Obrigação de gravar tratativas de colaboração e efeitos do descumprimento

Autores

3 de agosto de 2022, 17h02

Reprodução
Reprodução

A obrigatoriedade da gravação das tratativas e atos de colaboração premiada e os efeitos do seu descumprimento

A Lei nº 13.964/2019, conhecida como Lei Anticrime, trouxe importantes alterações na disciplina da colaboração premiada. Uma dessas relevantes mudanças é a nova redação do §13 do artigo 4º da Lei nº 12.850/2013, que inaugurou a obrigatoriedade do "registro das tratativas e dos atos de colaboração".

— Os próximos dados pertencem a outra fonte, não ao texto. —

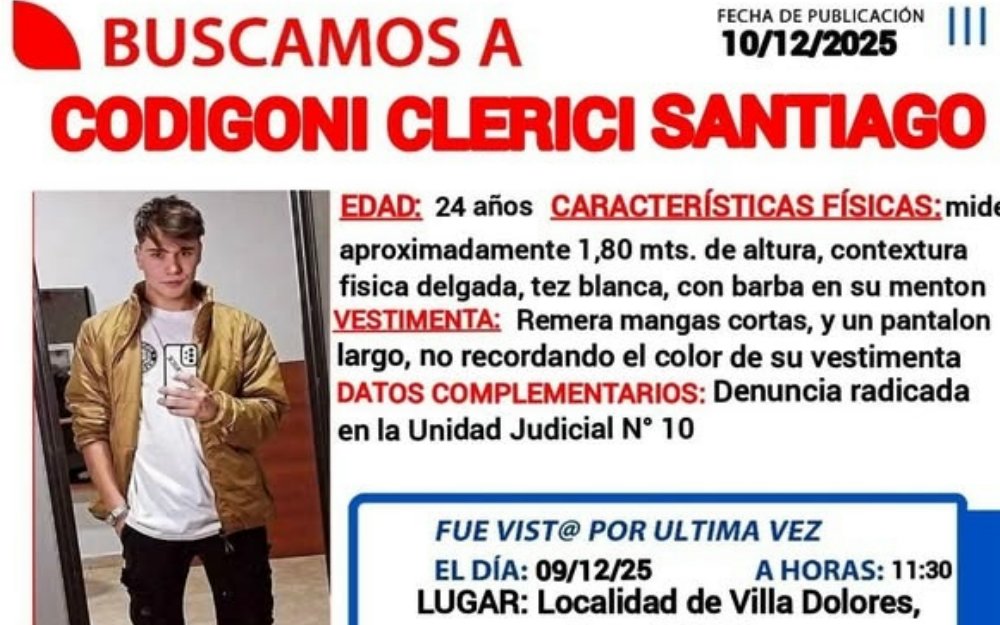 La Policía de la provincia emitió un alerta de búsqueda del joven Santiago Codigoni Clerici, de 24 años de edad, con las siguientes características físicas: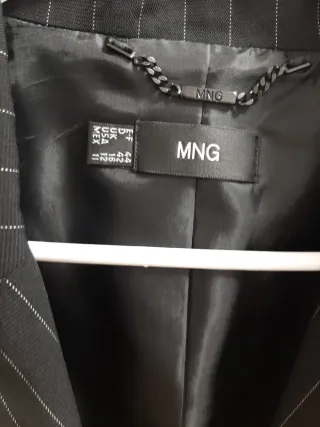Elegante americana negra de Mango, perfecta para cualquier ocasión. - Diseño moderno sin cuello. - Corte entallado. - Cierre abierto. - Detalle de costuras decorativas en la parte frontal. medidas de largo 52cm ancho altura pecho 44cm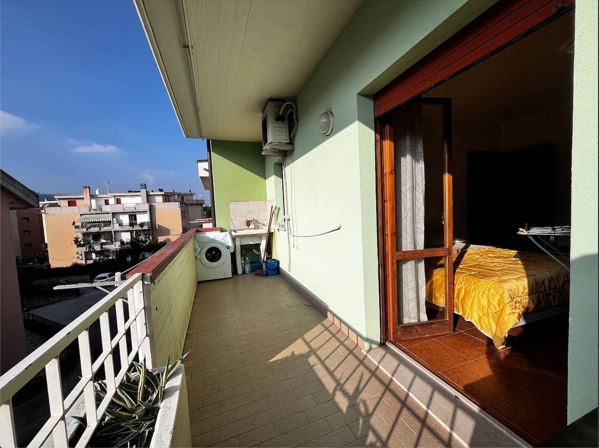Appartamento di circa 105 mq, sito al piano secondo senza ascensore, composto da ingresso su disimpegno, un grande salone con cucina a vista, che ospita un bel camino funzionante, con possibilità di chiusura della stessa; tre camere da letto, di cui una ampia matrimoniale, una grande singola ed una comoda doppia; un ripostiglio; un bel bagno con doccia e finestra, parzialmente ristrutturato. Oltre a un ampio terrazzo con accesso dalla sala, di circa 12 mq, in cui si può soggiornare comodamente; un balcone di circa 8 mq con accesso dalla camera matrimoniale, completo di zona lavanderia e lavetta esterna ed un ulteriore un piccolo balcone di circa 3 mq a servizio della camera singola. L'Appartamento gode di due accessori fondamentali siti al piano seminterrato: un ampio garage di circa 17 mq, accessibile attraverso una serranda avvolgibile elettrica, collegato alla scala condominiale ed una comoda cantina di circa 10 mq.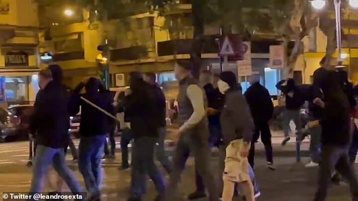 It is not clear what exactly ignited the trouble between the two sets of fans outside an Irish bar before Spanish police intervened.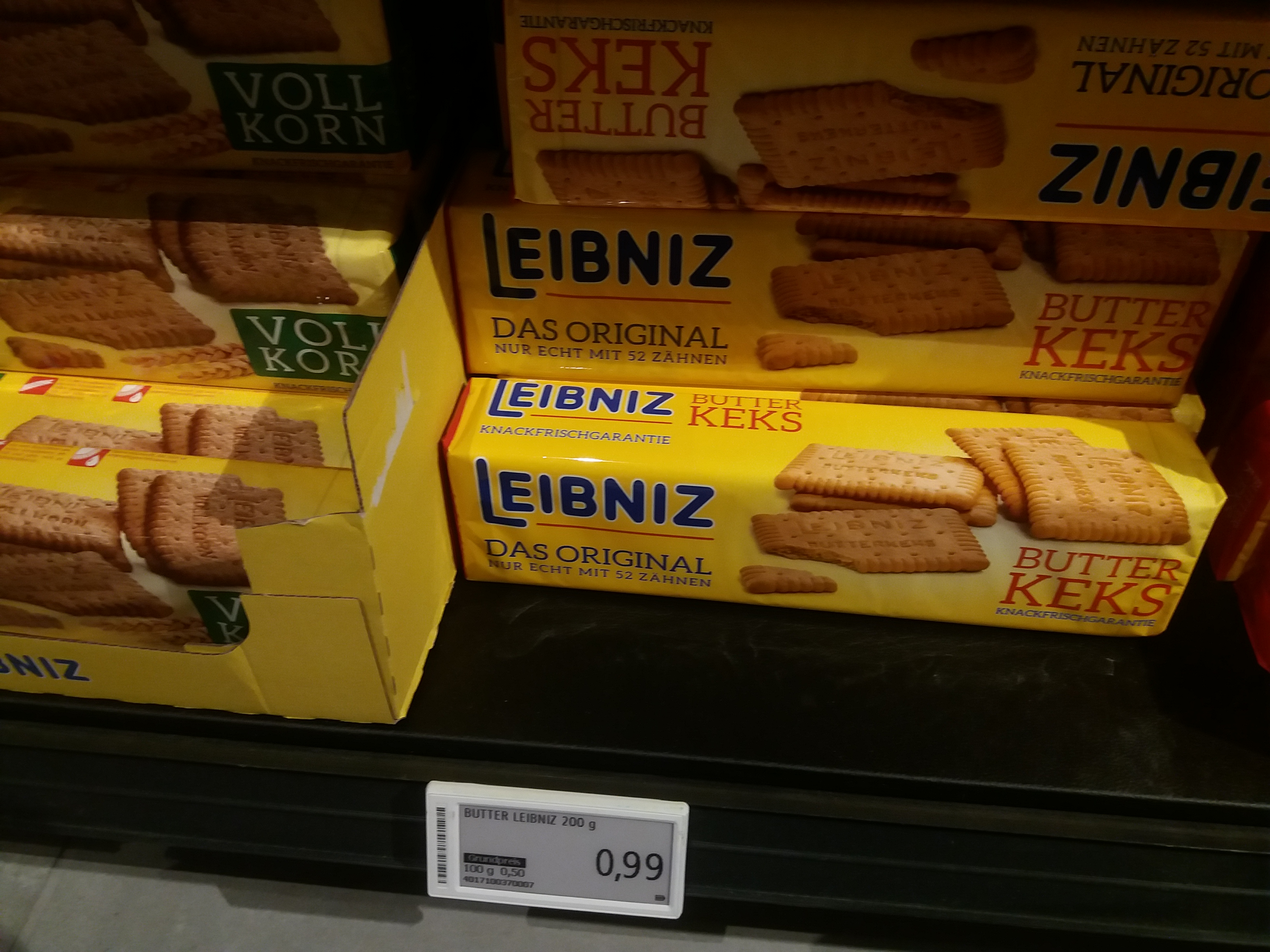 아래 과자는 독일 여행 오신분들이면 아실것 같은데요, 독일 국민 과자로 불리는 Leibniz 입니다. 이 과자는 독일 공항 면세점에서도 많이 볼수 있는데요 이 과자 가격도 0.99유로밖에 안합니다. 독일인들의 최애 Keks (과자)입니다.

As modificações no texto normativo podem ser assim visualizadas:

Antiga redação

Nova redação

§13. Sempre que possível, o registro dos atos de colaboração será feito pelos meios ou rcursos de gravação magnética, estenotipia, digital ou técnica similar, inclusive audiovisual, destinados a obter maior fidelidade das informações.

§13. O registro das tratativas e dos atos de colaboração deverá ser feito pelos meios ou recursos de gravação magnética, estenotipia, digital ou técnica similar, inclusive audiovisual, destinados a obter maior fidelidade das informações, garantindo-se a disponibilização de cópia do material ao colaborador.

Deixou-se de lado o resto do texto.